The least practiced interval and why you should practice it

If I were to ask you the commonest melodic interval in today’s commercial music what would you guess? Well, with just listening to the radio for 10 minutes, I declare the clear winner to be: nothing. Or in MOVES notation: =0.

The word “unison” is the default term used for this interval that isn’t one, even though it’s a term borrowed from polyphony. It means two or more voices singing the same note at once. It feels kinda wrong to use it to refer to repeated notes.

And calling them repeated notes is not to say you have to repeat them the same way each time.

So today let’s look at this non-interval that rules the pop charts and learn what it has to tell us. In fact, it can be used in a multiplicity of ways, to express different things. So let’s see some of them.


It helps you as a musician to build certainty, without which you can never have charisma. It may seem silly to point this out, but it is the one interval that someone with no musical ear at all can be sure to get right on a piano. Should you therefore despise it? Not at all! The quality of certainty is a key ingredient of successful music and stage presence, and is a great foundation to start building from.

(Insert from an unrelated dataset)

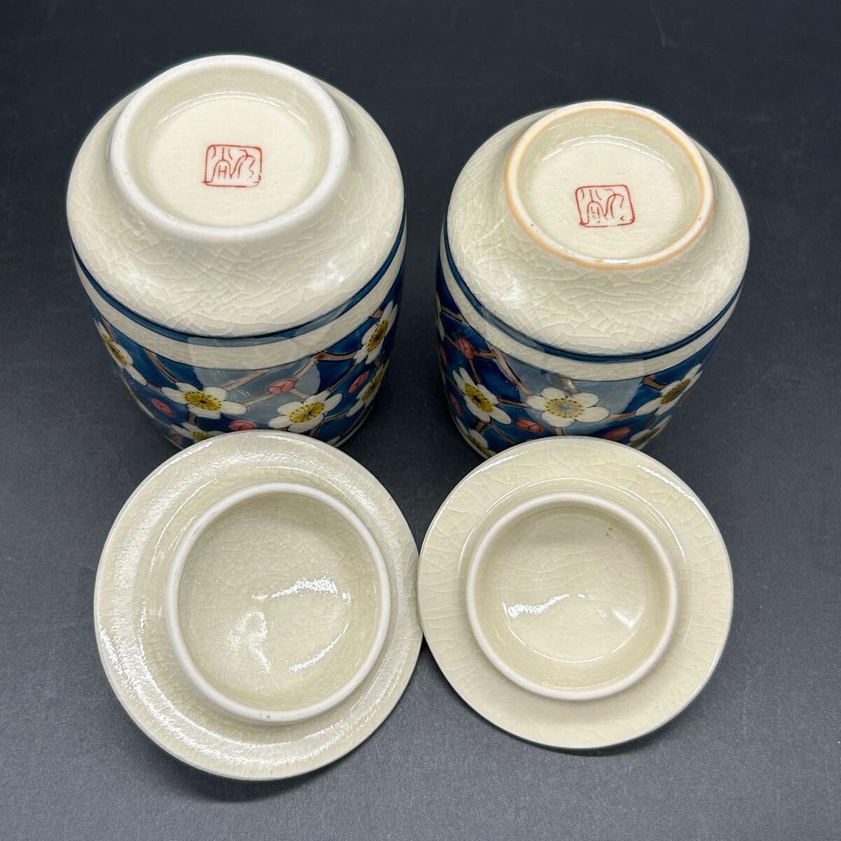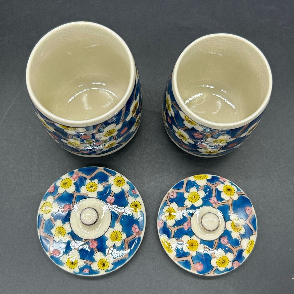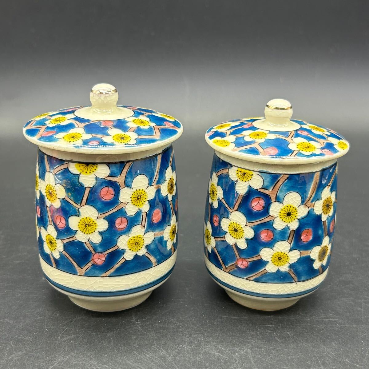 九谷焼 蓋付組湯呑 光琳梅 蓋付 組湯呑 茶器 ネ15

It helps you build intensity, a key ingredient of a great Gospel shout. Used by all Gospel musicians and anyone influenced by them from Elvis Presley to Junior Walker.


Repeated notes act as springboard to other intervals. They give you time to get your next move spot on. When moving from your note to your next note try repeating your note while you center yourself in readiness for the following move.

Landing stage

The word scale comes from the Latin or Italian word for a ladder. So let your repeated notes serve as landings between flights of stairs. Give yourself time to catch your breath for the next stretch. In concrete terms you might want to mark time on one note so as to save the next step up for a strong beat or up-beat.

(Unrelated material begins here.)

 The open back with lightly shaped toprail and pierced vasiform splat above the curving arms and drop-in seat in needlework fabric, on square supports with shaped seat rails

It works for people. It gets through to them. Why do you think it is the commonest interval in pop music? It is the foundation of rap. To feel this idea, take the nearest paragraph of text and play it on your horn as if speaking through it.

Saying NO

It lets you say NO, NO, NO when someone tries to get you into rehab.

It rocks

It can rock you in crotchets (quarter notes) as in Chubby Checker’s Let’s Twist Again, or in quavers (eighth notes) as in

=0   (+2   =0)  (=0 =0) (=0 =0) (=0 =0) (+1=0) (=0 =0) (=0 -5) (> +2) >
that Geor-gia’s al-ways  on  my  my my  my my  my  my  my  my    mind

or in combination, playing with the prosody of the text:

(=0 =0) (> =0) +3    =0       =0 (=0 =0) (-1   =0) (=0 =0) (=0 =0) (=0 -2) >
un-  til__    the  sun comes up  o-   ver   San-ta   Mo- ni-  ca  Bou- le- vard


Its pedigree goes all the way back to Gregorian chant and beyond. Use it to find peace in your heart.


It gives listeners a break from a lot of +25 and -23 moves. Coltrane’s track Offering on the album Expression goes from one extreme to the other, creating contrasts with explosive emotional power. Pentatonic scales played with repeated notes (as in the fifth measure  here) provide solace after the jarring dissonance that went before.

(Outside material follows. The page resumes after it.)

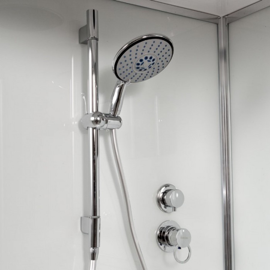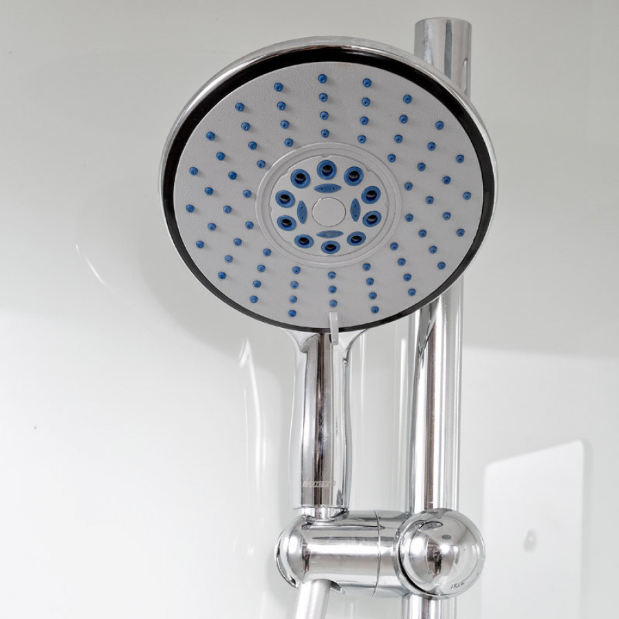 - Душевая штанга с регулировкой лейки по высоте и ручная лейка с силиконовыми форсунками диаметром 140 мм с функцией переключения режимов

Excerpt from “Offering” from the 1967 album “Expression” by John Coltrane

The takeaway

Notice that I mentioned nothing about getting your notes even, or working up to superhuman speed or practising triple-tonguing. Part of the charm of Charles Lloyd’s triplets on Memphis Green is how he messes up on the head. Like singing in the shower.

So all this information is useless if it doesn’t help you enrich your playing. I hope you will try out all these ways of repeating notes, and work them into your playing, in all their different aspects.